Dr Owens noted that he sees grandfathering as a safe approach, “but it will go by the wayside if biosimilars prove to be equivalent products.” Until then, he said he thinks that payers will incentivize patients with lower out-of-pocket costs to voluntarily switch.

Mr Smith added that he believes that over time the originator drugs will be priced competitively with biosimilars—but only to a point. 

“When discounting gets above 25%, I think companies with originator products will not follow the biosimilar companies into a pricing spiral,” he said. 

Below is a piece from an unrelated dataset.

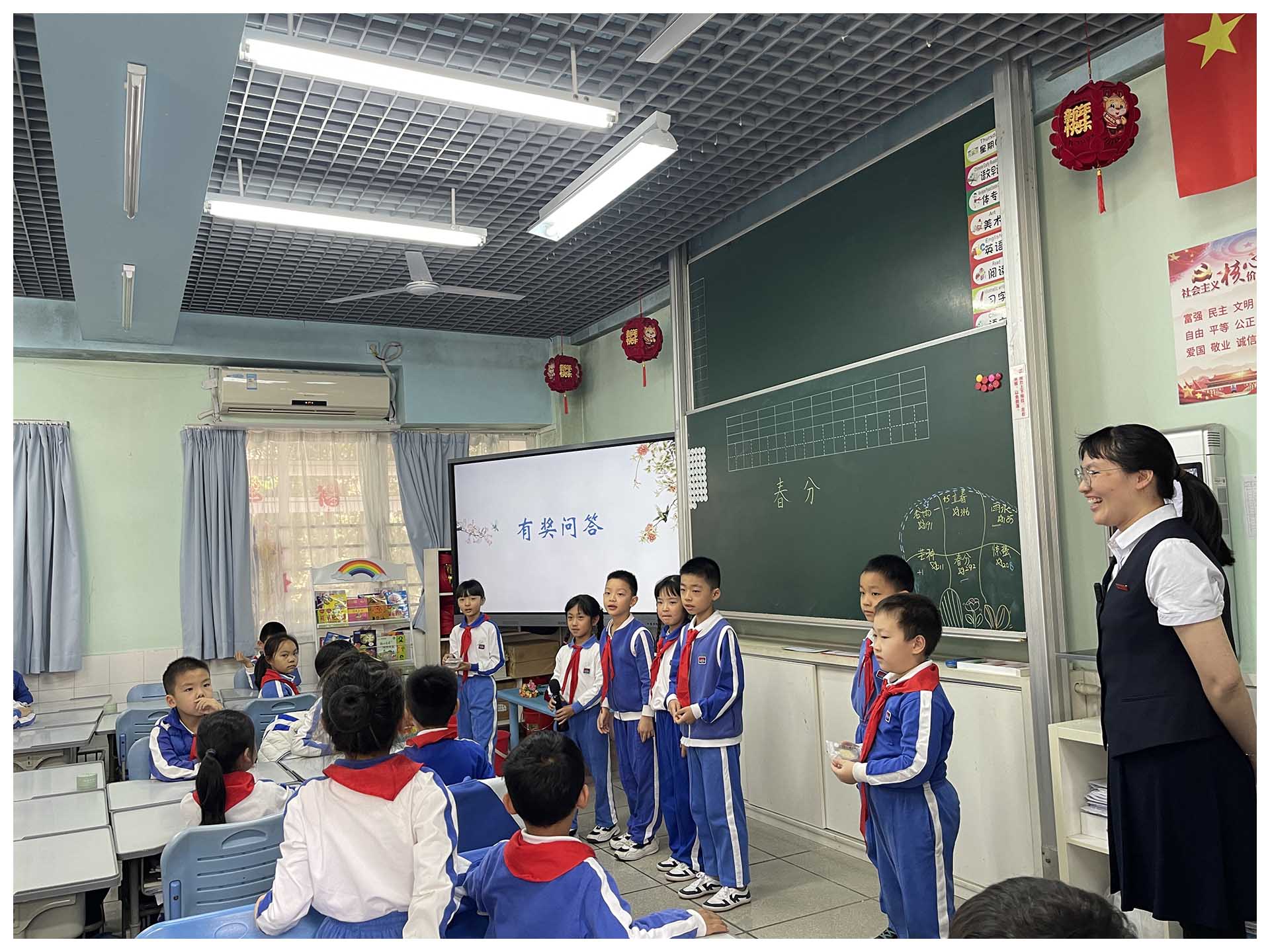 铃声响起,老师们满怀期待地走进全科18班的教室,聆听全科组沈彩云老师带来的二年级“春生夏长”全科主题课程——《春分》。在这堂充满生机的课堂上,同学们展现出对知识的渴求和对传统文化的热爱。首先,班级春分学习小组的同学们自信地登台,从春分的含义、三候、习俗到美食等方面,对春分节气进行了全面而生动的介绍。他们准备充分,表达流畅,让在场的每一位老师都感受到了他们对春分节气的用心了解。其中,花朝节作为春分节气的一个重要习俗,引起了同学们浓厚的兴趣。在沈老师的引导下,大家进一步探究了花朝节的传统习俗,包括斗草之乐和簪花之美。课堂上,同学们亲身体验了斗草的乐趣,他们两两结对,小组PK,或比拼花草名称,或比较花草韧性,玩得不亦乐乎。大家还将美丽的花朵插在发间,体验了簪花的趣味和美好。这堂《春分》跨学科主题课程不仅让同学们深入了解了春分节气的相关知识,更通过自主探究和亲身体验的方式,让他们感受到了中华传统文化的魅力。沈老师以学生为主体,转变了传统的学习方式,让同学们在轻松愉快的氛围中学习,收获了知识与快乐。课后,参观的老师们纷纷表示,这堂课程让他们看到了全科教育的独特魅力。他们赞扬了沈老师的教学方法和同学们的出色表现,并表示将借鉴这些经验,推动自己学部的教育教学改革。
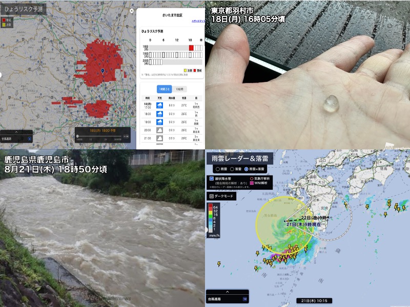 各地でゲリラ雷雨発生、記録的短時間大雨情報も

Dr Karnack, a pharmacist, took the issue from the theoretical to the practical. “For the majority of patients, I don’t think [switching] is going to be a problem.” Yet, he said he understands that certain patients are not candidates for switching. “So if I am filling a prescription for a patient with Crohn’s disease and the physician wants to use an [originator product], I am going to ask for clinical documentation proving why a [nonmedical] switch is [ill-advised]. Too often I see opinions that are not backed up by clinical evidence.” 

Dr Cooke agreed, but noted that even the European countries where biosimilars have been used for years lack long-term evidence. “We need data on how well these products can be interchanged within individual patients. The unique challenges that products such as monoclonal antibodies present increase concern over safety events such as immunogenicity. Additional data will provide guidance [so that] patients, clinicians, and payers can determine the comparative value of biosimilars.”